The flight from Philadelphia is where it gets interesting. At the gate and almost immediately, I recognized my fellow study abroad group by the wealth of college-related paraphernalia we were all wearing. I joined the group for the rest of the plane excursions, re-met people I once knew and (attempted) to remember the names of the new folks. Haha, still working on that, but in all, very successful.
I spent the flight sitting next to Janine, watching a dumb movie called Inkheart, interspersing that with “Lord Jim” by Joseph Conrad and conversations about LOST’s upcoming season finale. Gotta love me my Des+Penny.
I’m convinced Tylenol PM is a sham, invented in collusion by doctors and Satan. It failed to put me to sleep (in a good way) on the plane and I spent about 4 hours in a bizarre intermittent zombie-sleep/notsleep period, crunched between my backpack and the lack of legroom on U.S. air flights. Icky, right? In any case, plane lands in Barcelona y todo cambio.
Thank you Mom and Dad, I had already acquired Euros (that magic tool for quenching thirst). First thing I bought was “Nécter de Piña,” aptly enough, pineapple nectar. It was excellent, but not very thirst-quenching. Plus, I really didn’t get a chance to use Spanish. A running gag in the entire trip goes like this:
Me (in broken Spanish): ….Ah….Quiero la Nécter de Piña, por favor.

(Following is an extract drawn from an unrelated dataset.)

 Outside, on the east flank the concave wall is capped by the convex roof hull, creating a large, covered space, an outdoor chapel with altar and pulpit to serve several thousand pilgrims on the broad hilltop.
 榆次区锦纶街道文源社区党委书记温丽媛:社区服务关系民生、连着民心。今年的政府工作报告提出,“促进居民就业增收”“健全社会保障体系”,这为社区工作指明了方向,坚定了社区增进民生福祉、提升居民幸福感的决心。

Salesperson (in English): Oh, okay. That’s two euros.
I guess we’re dead giveaways for being American, right? I bought some souvenirs (mmmhmmhm….Wouldn’t you like to know what they are?) and waited for the plane to Sevilla.

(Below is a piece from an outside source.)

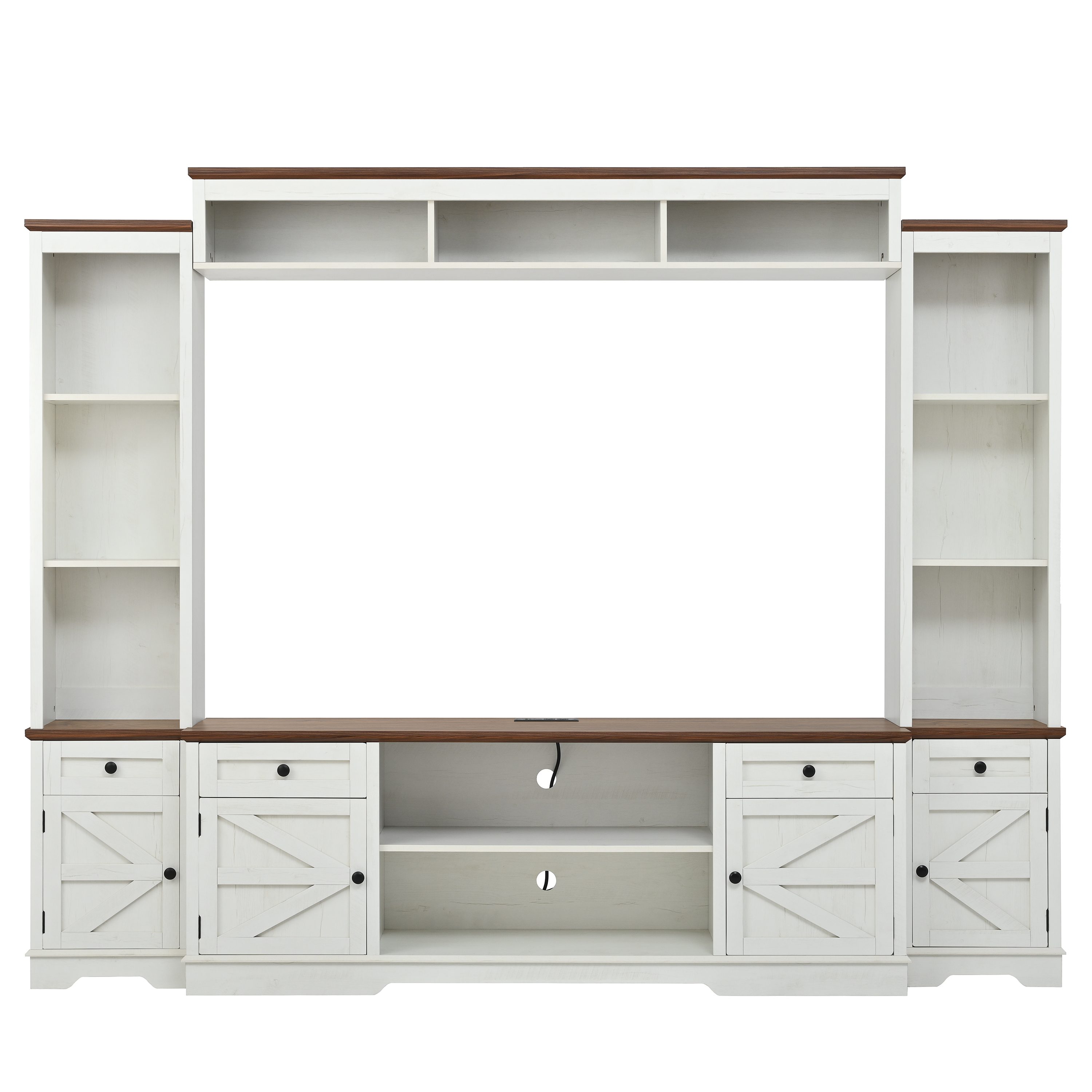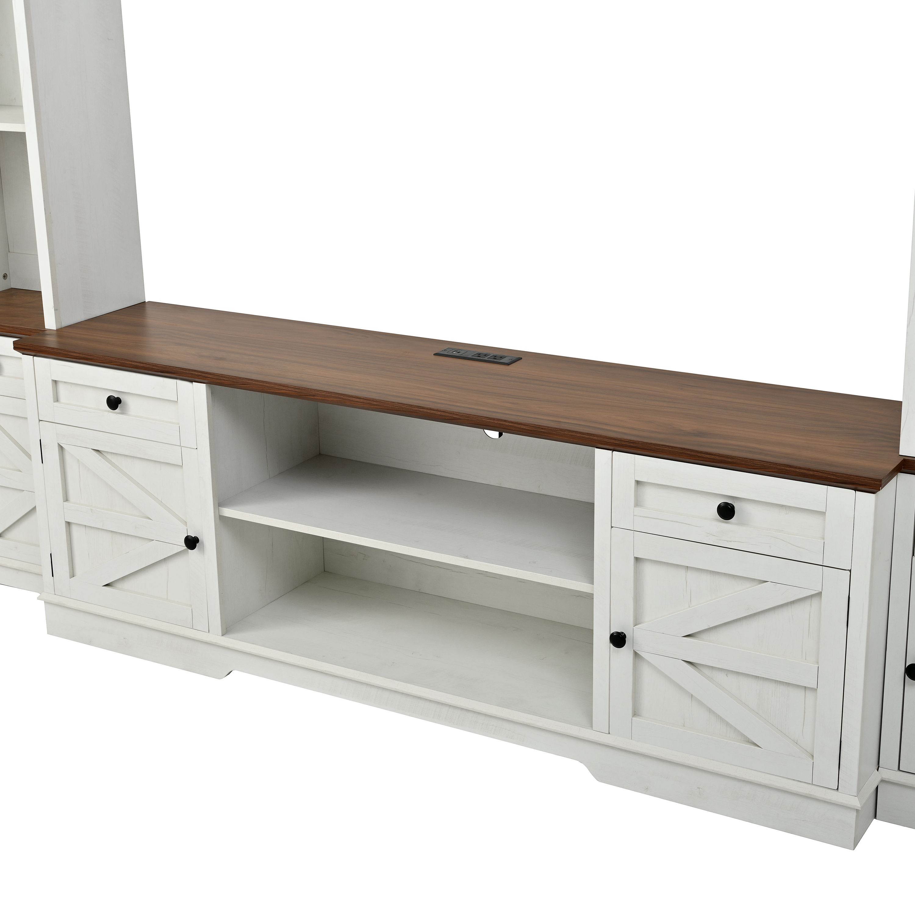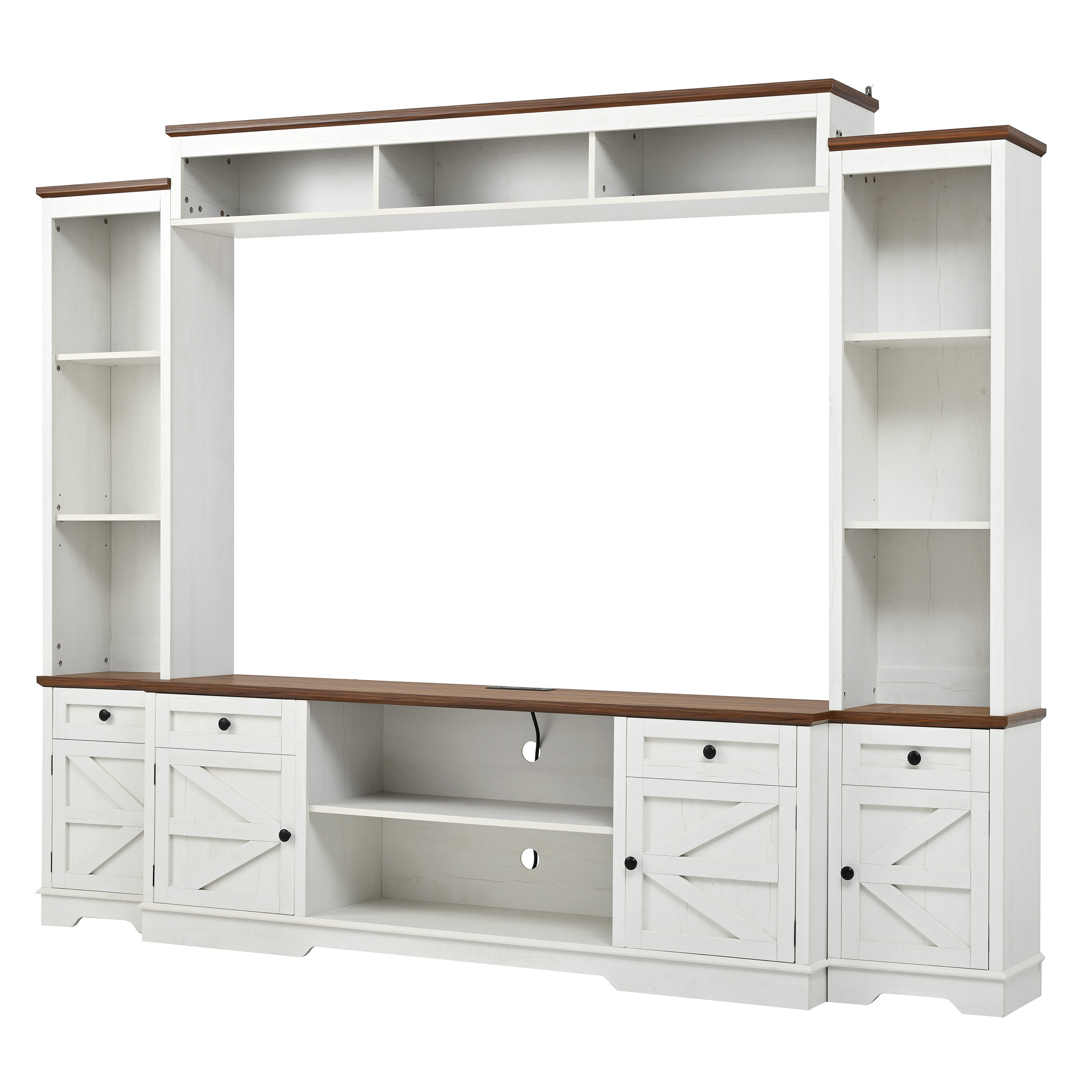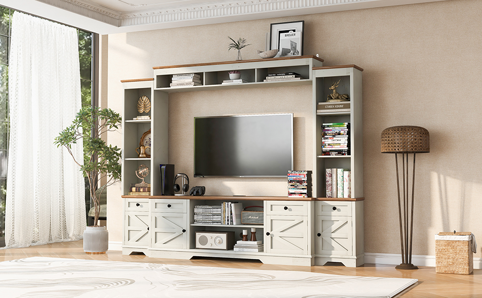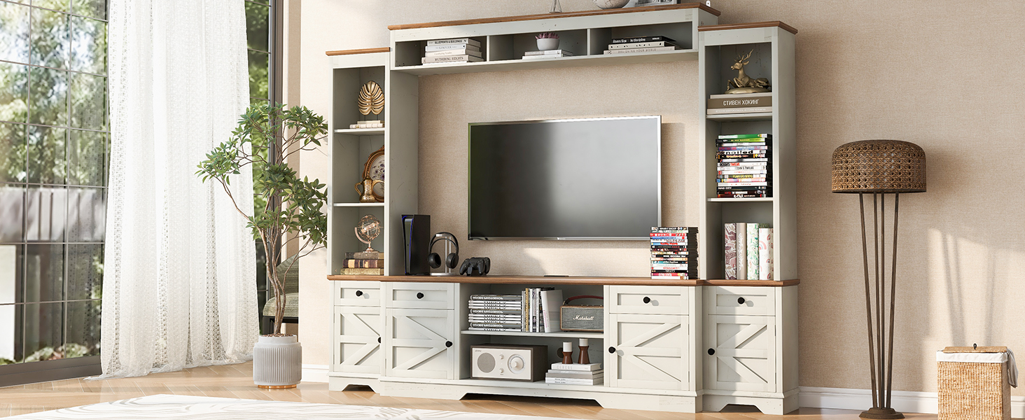 This 98" farmhouse TV stand combines rustic charm with modern functionality, featuring classic barn doors and a wood grain finish. It includes 4 drawers, 9 open compartments, and adjustable shelves for versatile storage. With built-in outlets and USB/Type-C ports, it keeps your devices connected, while anti-tip devices add extra stability—perfect for any living room or entertainment space.

Haha....oh silly American tourists. I hope that doesn't happen to much with me, though most likely considering I make an idiot of myself when I'm not in a foreign country.
ReplyDeleteOh wow, that used to happen to my dad and me when we would go to sushi bars in Japan. My dad would ask for sushi in Japanese and the waiter would simply say: "Wouldn't you rather speak English?" Embarrassing.